Una lectura universal entre mis manos. Tengo ¿16? ¿17 años? Estamos todo reunidos en torno de una hoguera que en verdad es un aula de clases. Escenas no de una obra teatral sino de la vida empírica. Vemos arder a Shakespeare, a sus criaturas con calderos, sus espíritus con baritas mágicas, sus murciélagos en una marmita que borbotea como un caldo pero en verdad es una pócima tanto para matar como para nacer ¿En qué extremo del eslabón estamos todos? En esa aula, entre cuatro paredes, también se juegan otras fuerzas.
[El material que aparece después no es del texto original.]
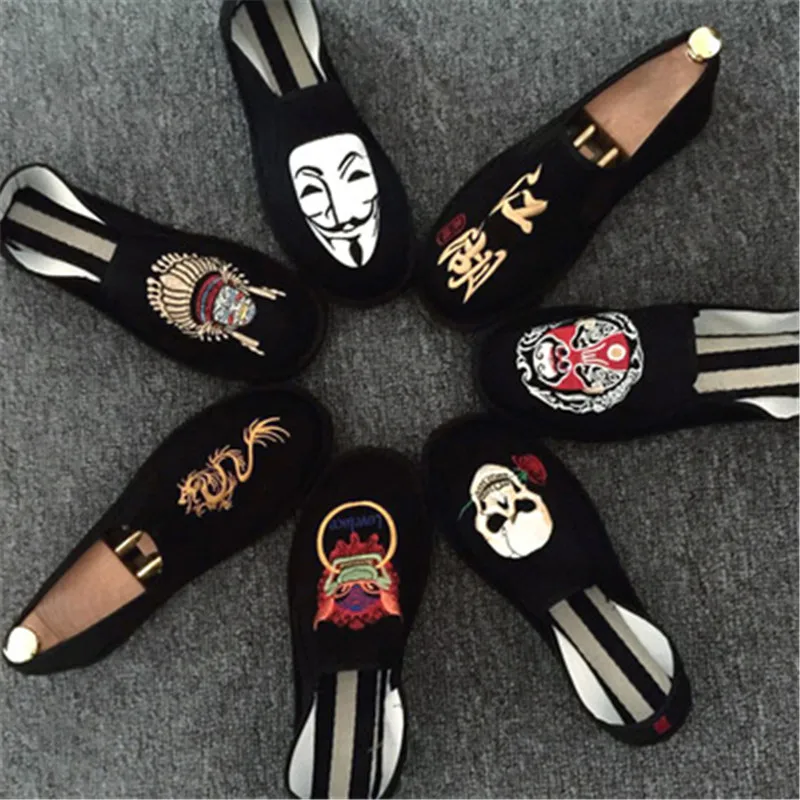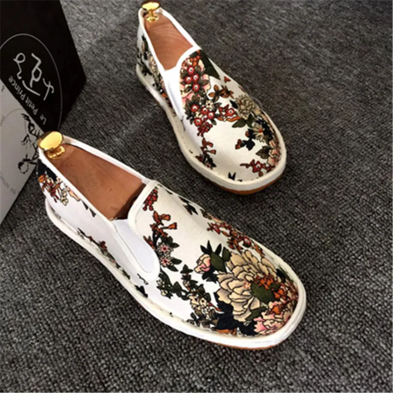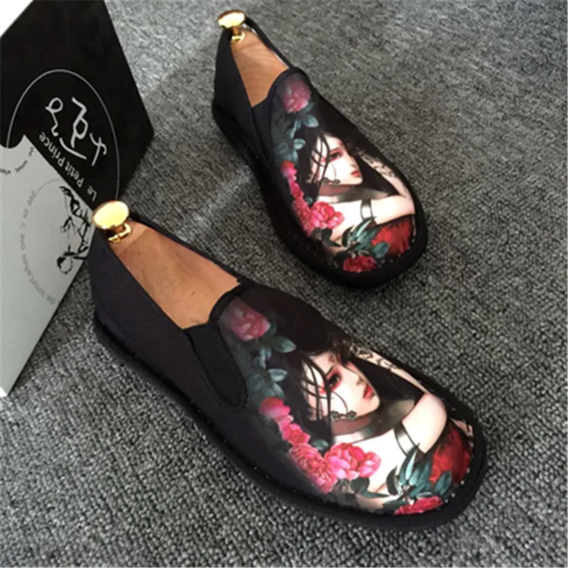Product Name: Wiosenne modne buty na niskim obcasie espadryle mokasyny lekkie wytrzymałe 2019 mężczyzna kobiet płótno Harajuku gumowe płótno haftować buty

Las fuerzas del mago que, así dicen, cambió la literatura universal. El centro del canon occidental. Esto es: el centro del universo. Al menos sobre el que los grandes manuscritos son preservados del tiempo. Dramas históricos, tragedias, comedias. Miro por encima de mi hombro y solo alcanzo a detectar tres nombres: Cordelia, Regania y Gonerila. Las tres figuras paradigmáticas que también definen un universo de valores. Las de la ética. Frente a su padre adoptarán posturas que van de la fidelidad a la traición. King Lear pierde el juicio. En tanto ellas se reparten el reino. Y Cordelia, una víctima, fiel a su padre, muere. Pero esta escena ya tiene lugar en la Universidad, en la cátedra de Literatura Inglesa de la Universidad Nacional de La Plata, en Argentina. Inglaterra/Argentina. Norte/Sur. Imperialismo/colonia. También la literatura puede ser una forma sutil de ser una colonia. Esa escuela devenir un espacio tirano del absolutismo. En el mapa simbólico de una biblioteca del mundo, reinan los clásicos del Viejo Continente. En tanto las aguas del Támesis circulan, imperturbables, mi mente, agitada por emociones fuertes como la ira o el rencor procuran olvidar a Inglaterra. Y a los autores que la defienden como una nación de facciones limpias. Pese a todo, su arte exquisito está preservado en una biblioteca al que no se le puede formular reproche alguno. Ellos pertenecen a una cierta clase de arte cuya lengua llena de prestigios. Desde La Plata, Argentina, leo King Lear, una obra cuyos Actos bien podrían ser los míos. Tienen el poder de la palabra. Una palabra poderosa. El hálito de las mejores Letras. También en ese punto son una nación imperial. El Teatro del Globo está colmado. Puedo apreciarlo en este otro teatro, que es mi imaginación. En tanto Shakespeare triunfa.
“Tríptico de Inglaterra”
Londres, 2020, Dublín
Siente algo.
Dentro de sí.
Ahí, sí, ahí.
Un estremecimiento.
El corazón le da un vuelco.
Pero recordemos
que primero se manifiesta
como conmoción trémula.
Sin embargo, la pasión
(lo sabemos)
siempre está agazapada en el lenguaje.
Ni siquiera la poesía
alcanza para nombrar
la bienvenida o el adiós
de ciertas emociones inolvidables.
Salvo por ejemplo decir: “Londres, 1993”
Está escrito en una postal
cuyo envés él mira.
Todo lo que describo
es lo que percibo.
Por dentro y por fuera de mí.
Este capítulo de la historia
tendrá lugar en el climax
de una escena
de la más absoluta austeridad,
como si en este estudio
se hubiera congelado el tiempo:
un daguerrotipo
del Teatro del Globo.
El escritor
se sienta frente a la máquina, la enciende.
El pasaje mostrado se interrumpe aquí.